ARPES Fermi surface map simulation

Ag ARPES Fermimap (001), $h\nu = 665\,\mathrm{eV}$ with $k_z$ curvature and broadening
/home/docs/checkouts/readthedocs.org/user_builds/fplore/envs/latest/lib/python3.13/site-packages/pymatgen/symmetry/bandstructure.py:179: UserWarning: The input structure does not match the expected standard primitive! The path may be incorrect. Use at your own risk.
  kpath = KPathSetyawanCurtarolo(self._structure, symprec, angle_tolerance, atol)
Getting interpolator...
Got interpolator. Doing interpolation...

import numpy as np
from scipy.stats import norm

from fplore import FPLORun
from fplore.util import rot_v1_v2
from fplore.plot import plot_bz
from fplore.arpes import k_arpes, TPS45A1
import matplotlib.pyplot as plt

kz_broadening = True
kz_curvature = True
e_broadening = True
kxky_broadening = True

run = FPLORun("../example_data/Ag")
analyzer_direction = run.high_symm_kpoints['L']  # 111
lens_axis = run.high_symm_kpoints['X']  # 100
# vector rejection of normal to get perpendicular component to surface normal:
lens_axis = lens_axis - (lens_axis @ analyzer_direction) / (analyzer_direction @ analyzer_direction) * analyzer_direction

R = rot_v1_v2(analyzer_direction, [0, 0, 1])
R = rot_v1_v2(R @ lens_axis, [1, 0, 0]) @ R
# usage:
# for multiplying from the left R @ calc coords(3) -> msmt coords(3)
#                                R.T @ msmt coords(3) -> calc coords(3)
# for multiplying from the right: calc coords(...,3) @ R.T -> msmt coords(...,3)
#                                 msmt coords(...,3) @ R -> calc coords(...,3)

thetacenter, thetawidth = 0, 36
mintheta, maxtheta = thetacenter - thetawidth / 2, thetacenter + thetawidth / 2
theta = np.linspace(np.deg2rad(mintheta), np.deg2rad(maxtheta), 401)

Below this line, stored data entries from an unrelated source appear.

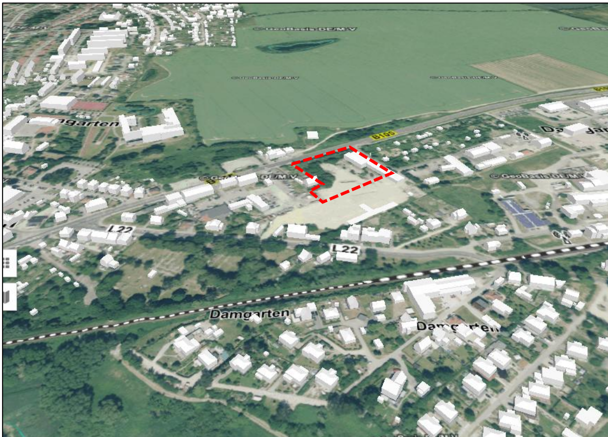
Abbildung 1: Ausschnitt aus der VirtualCityMAP 3D Stadtmodelle (Planungsraum rot skizziert)

Ebenso befinden sich im Planungsraum keine nationalen oder europäischen Schutzgebiete. Bei den nächstgelegenen europäischen Schutzgebieten handelt es sich um das Europäische Vogelschutzgebiet DE 1941-401 „Recknitz- und Trebeltal mit Seitentälern und Feldmark“, welches sich südlich in einer Entfernung von ca. 270 m erstreckt, und dem Gebiet von gemeinschaftlicher Bedeutung (GGB) DE 1941-301 „Recknitz- und Trebeltal mit Zuflüssen“, welches sich ebenfalls südlich in einer Entfernung von ca. 280 m erstreckt.
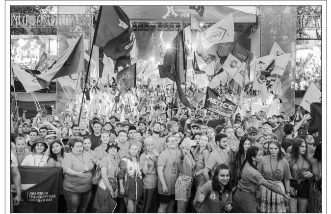
Так выглядело открытие форума «Инженеры будущего - 2019».
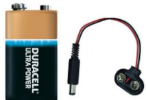
Pile 9V + câble d'alimentation
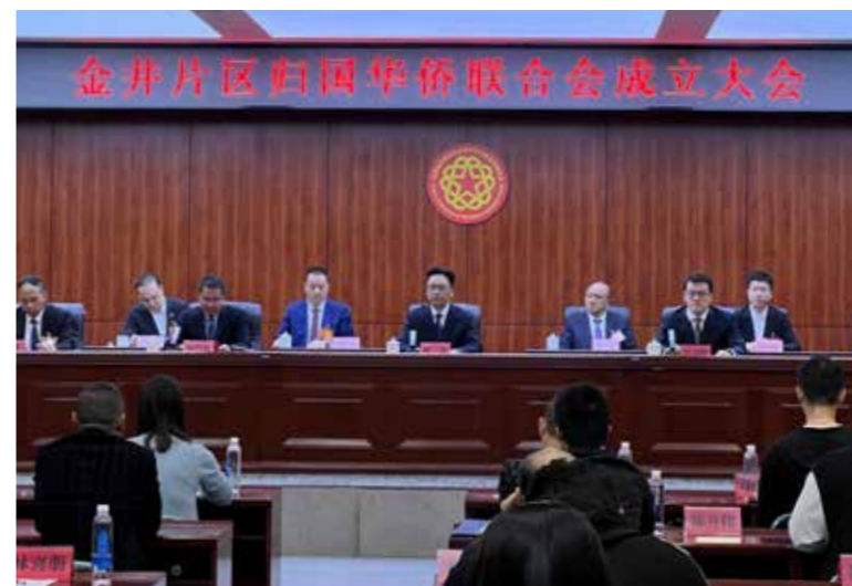
金井片区第一次归侨侨眷代表大会暨金井片区归国华侨联合会成立大会召开

夯实基层基础平台。要坚持大基层工作导向，以实验区侨联换届为契机，建立健全片区村（社区）
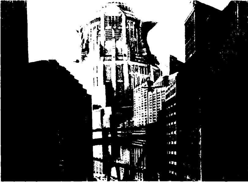
الصورة ٦ - ١: صورة ساكنة من فيلم «العاصمة الكبرى» لفريتز لانغ، ١٩٢٦

وتحت حكاية العاصمة المنتصرة هذه يوجد الجهد المطلوب لتثبيت المدينة الصناعية الحديثة. وفي الأفضية الجهنمية. في العالم المدفون. تحت المدينة، يصور لانغ التجريد الوحشي لصفات العمال الإنسانية. وهنا تحيا الحياة بحسب الزمن الميكانيكي للبوبق والصفارة. ويترك العمال منازلهم ويدلفون في الصف إلى أماكن عملهم مثل بشر أوتوماتيكيين. وتظهر الشخصية الرئيسية في صراع يهلك النفس لضبط آلة ما، يتصارع مع العتلات للسيطرة عليها حتى أنه يحس بإنهاك تام. فالعمل خاضع تماما للآلات التي يخدمها الناس عوض العكس. وفي أماكن عملهم تحت سطح الأرض يخدم الناس المدينة عوض العكس. والآلة التي يجب على البطل أن يتصارع معها هي نفسها لها شكل ساعة كبيرة - إذن يتصارع البطل لأجل السيطرة على سرعة حياة مضبوطة بالآلات، وبما هو ميكانيكي بدلا من الزمن الإنساني.
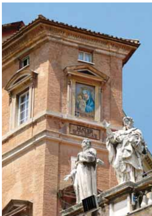
O mosaico de Santa Maria Mater Ecclesiae que dá para a Praça de S. Pedro.

donna della colonna que procede da basílica de Constantino) foi colocado no dia 7 de dezembro de 1981 e, no dia seguinte, depois de rezar o Angelus , João Paulo II abençoou-o, manifestando o desejo de «que todos os que vierem a esta praça de S. Pedro, elevem o olhar para Ela para Lhe dirigir, com sentimento de filial confiança, a sua própria saudação e a sua própria oração» (8 de dezembro de 1981).
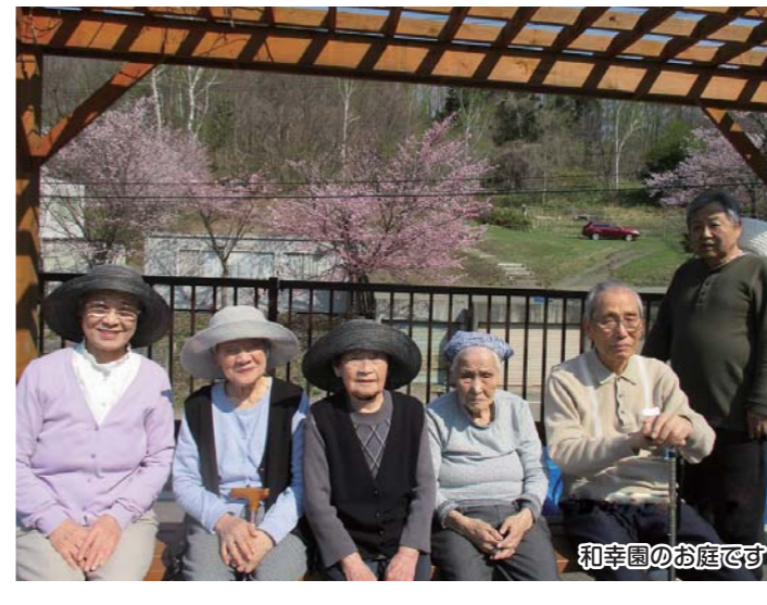
和幸園のお庭です

暖かい気候に待ちきれず、今年は桜の開花が早まりましたね。和幸園デイサービスセンターでは桜が満開の石山緑地に散策へ出かけました。また真駒内や中ノ沢方面の桜並木がとても綺麗で、お花見ドライブにも行ってきました♪また来年もお楽しみに!
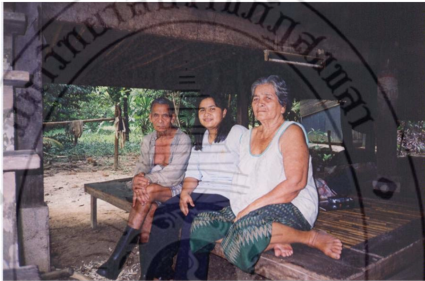
ภาพที่ 8 ลูกขวัญ ผู้วิจัย และภรรยาลูกขวัญ

ที่กล่าวข้างต้น แสดงให้เห็นว่าการเดินทางเข้าไปอยู่ในพื้นที่ระยะเริ่มแรกนั้น เต็มไปด้วย ความยากลำบาก ดังคำให้สัมภาษณ์ของผู้ให้ข้อมูลหลักข้างต้น “สมัยนั้นลำบากแสนสาหัส ลูกเอ๊ย ไปไหนก็เดินกันอย่างเดียว ลำบากจนไม่รู้จะพูดอย่างไร สมัยนี้ดีกว่าเดิมมาก ไม่เคยคิดว่าจะมีไฟฟ้าเข้ามาถึง ถนนลาดยางมะตอยตัดเข้ามาถึง ตอนนั้นคิดว่าไม่มี ‘ไอ้คนเหลือเดน’ คนไหนเข้ามาอาศัยอยู่ได้อีกแล้ว”
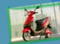
Scooter électrique GT 1500 (rouge) Valeur de 3990.-
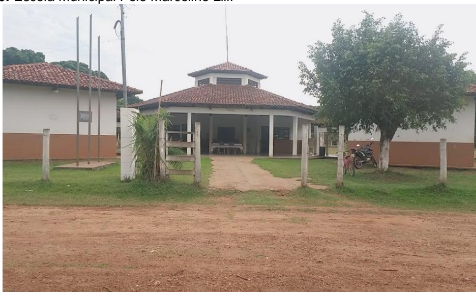
FIGURA 06: Escola Municipal Polo Marcolino Lili.

Aldeia Lagoinha, 2023.
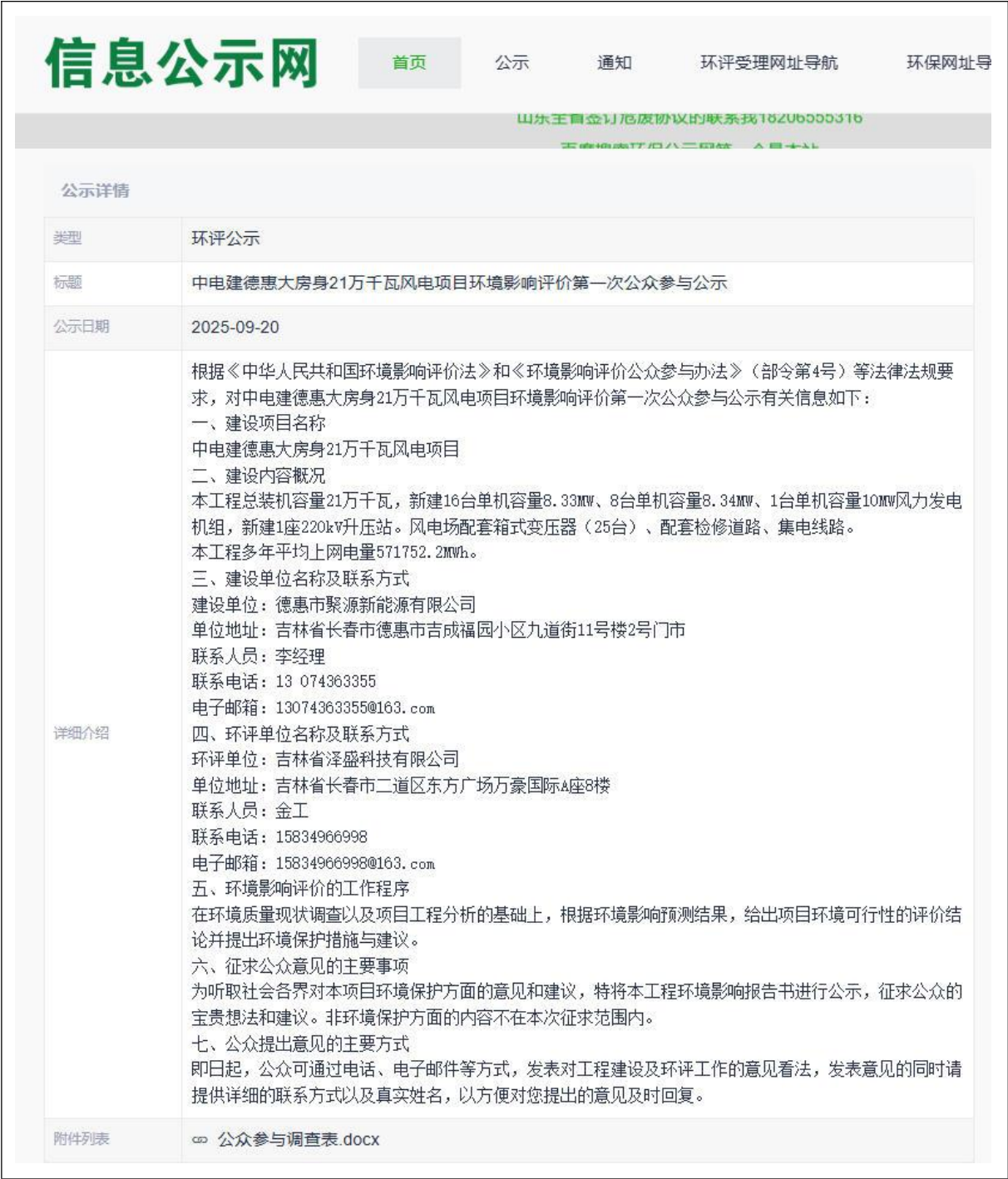
图 2-1 一次网络公示信息截图
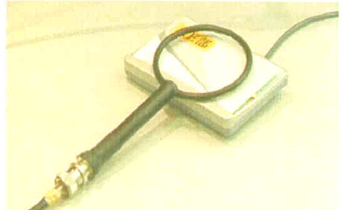
非接触ICカード開発での使用例
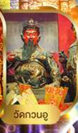
วัดกวนอู
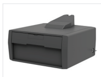
GRAND TIROIR SIMPLE GRIS FONCÉ 97-989-622

Accessoires supplémentaires disponibles en blanc
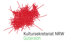
Logo frei auf weißer Fläche

Dieser Schutzraum ist schon in den jeweiligen Datei-Varianten angelegt.
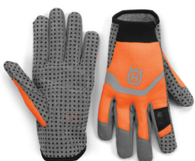
RUKAVICE FUNCTIONAL LIGHT VENT 529 88 01-09
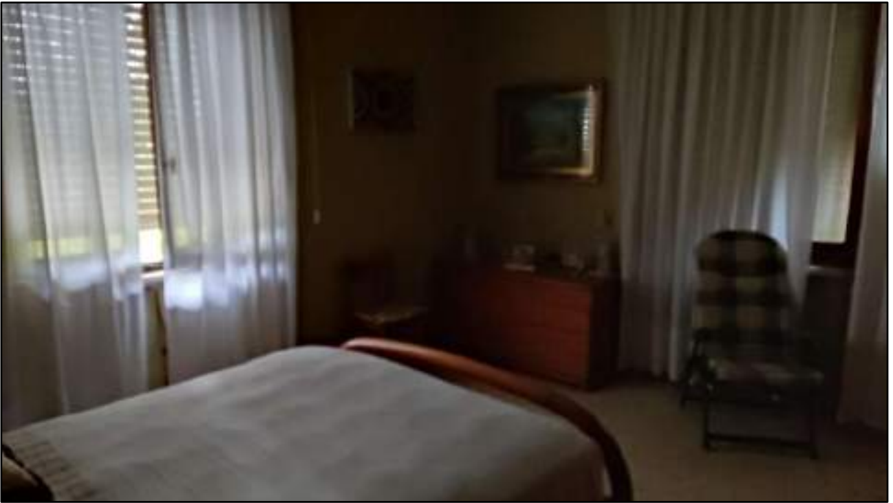
vista interni appartamento piano primo

theta2center, theta2width = 6, 23  # 1.3, 12
mintheta2, maxtheta2 = theta2center - theta2width / 2, theta2center + theta2width / 2
theta2 = np.linspace(np.deg2rad(mintheta2), np.deg2rad(maxtheta2), 400)

extent = (mintheta, maxtheta, mintheta2, maxtheta2)
theta, theta2 = np.meshgrid(theta, theta2, indexing='ij')

v0 = 10
workfunc_analyzer = 3.8
e_photon = 665

if kz_broadening:
    imfp = 10  # angstroms, see https://doi.org/10.1384/jsa.9.285
    Delta_kz = 1 / imfp  # standard deviation in reciprocal angstroms (∆o)² = <o²> - <o>²
    surface_normal = R @ analyzer_direction  # perfectly flat surface perpendicular to analyzer direction
    n_kz = 47  # 13
    kz_deltas = np.linspace(-3 * Delta_kz, 3 * Delta_kz, n_kz)  # shape (N,)
    kz_weights_pdf = norm.cdf(kz_deltas, scale=Delta_kz)
    kz_limits = np.hstack([[-np.inf], (kz_deltas[1:] + kz_deltas[:-1]) / 2, [np.inf]])
    kz_weights = np.array([norm.cdf(u, scale=Delta_kz) - norm.cdf(l, scale=Delta_kz)
                           for l, u in zip(kz_limits, kz_limits[1:])])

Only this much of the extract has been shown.